Mysteriously, all of that has come to a startling halt under the Bush administration. Republicans under this administration have been caught up in all sorts of scurrilous and embarrassing scandals, as Digby partially chronicles here and here. Those scandals have received little attention, and the media still treats this administration as though they are beacons of moral rectitude.
Indeed, the media thinks this administration deserves such intense respect that criticisms of the President are deemed rude and cowardly, and any stories that are too dirty and humiliating should, out of a sense of basic decorum and decency, be ignored. Then again, 9/11 changed everything, we are a Nation at War, and anything that harms the Commander-in-Chief harms the United States of America and helps Our Enemies. So the drastic changes in journalistic practices all make perfect sense.
UPDATE: This new article from CNN is a perfect example of this journalistic failure. Amazingly, the article quotes Goss himself as describing his resignation as "just one of those mysteries," but CNN then proceeds to report -- based exclusively on anonymous administration sources -- that there is nothing mysterious about the resignation at all. It is merely exactly what the White House said - a personnel change brought about by bureaucratic infighting.
Thus, we are told things like this:
Intelligence sources have told CNN that Goss' resignation on Friday was triggered by differences with National Intelligence Director John Negroponte over plans to move staff, including analysts from the CIA's counterterrorism center, to other intelligence agencies.
A senior administration official said Goss' resignation was based on a "mutual understanding" between Bush, Goss and Negroponte.
"When you ask somebody to do very difficult things during a period of transition, it often makes sense to hand off the reins to somebody else to take the agency forward," the senior administration official said.
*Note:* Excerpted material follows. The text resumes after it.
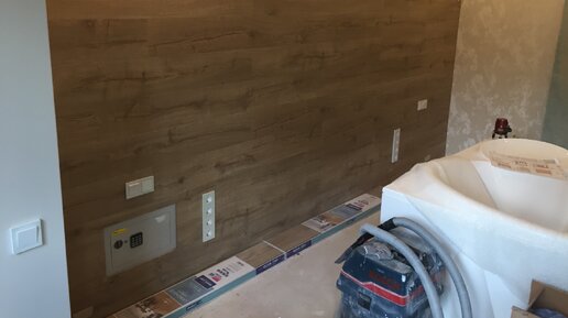 Попросили сделать ламинат на стене, вернее это запланировано по проекту, никогда до этого не делал ничего такого, было интересно попробовать. Почему начал сверху? Из-за ниши для подсветки, если начинать снизу, последний ряд не защелкнуть. Или придётся делать отступ и будет не красиво. Как крепил доски? Изначально была мысль использовать кляймеры (специальные скобы для вагонки), но попросили как можно ближе к стене закрепить, так что выбор пал на паркетный клей из двух компонентов. Единственная проблема, это то, что клей достаточно быстро схватывается, я бы не мог приклеивать по одному ряду...

Why is CNN allowing "senior administration officials" to pass along the official White House version of events while hiding behind a cloak of anonymity? All that does is enable the White House to use CNN as a venue to voice its propaganda while casting the appearance that it is the by-product of investigative journalism and therefore bestowed with credibility (as in: "CNN learned this from its secret leaking sources so it must be true"). The whole article does nothing but repeat White House spin as though it is established fact, relying exclusively on White House sources to do so, and never once even suggests, let alone details, that there are other possibilities to explain the resignation aside from the one the White House is giving.
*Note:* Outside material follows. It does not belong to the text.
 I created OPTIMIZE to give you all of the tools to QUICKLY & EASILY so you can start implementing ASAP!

By definition, that is not journalism. That is stenography. And the affinity which our national media has for the latter, and their equally intense aversion to the former, is so pervasive that it is hard to hold out hope that this will change.
UPDATE II: Some research undertaken by Kevin Drum casts further substantial doubt about the White House's explanation that Goss' resignation was due to a turf war with John Negraponte.
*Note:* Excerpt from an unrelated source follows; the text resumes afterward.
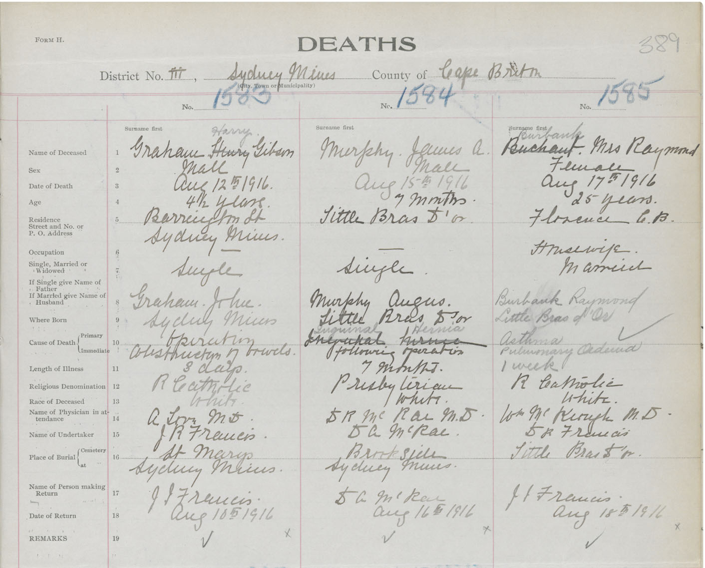 Death Registration: Year: 1916 book: 28 page: 389 number: 1585

For those in the Comments section who misunderstood the point of this post, allow me to make it again. The point is not that we know that Goss' resignation was due to a connection to the Cunningham scandal rather than because of the turf war claimed by the White House. The point is precisely that the media does not know why Goss resigned, and therefore should not be reporting the White House's explanation as though it is clearly true, particuarly given that the media knows there are other possibilities, which they are keeping from their readers/viewers.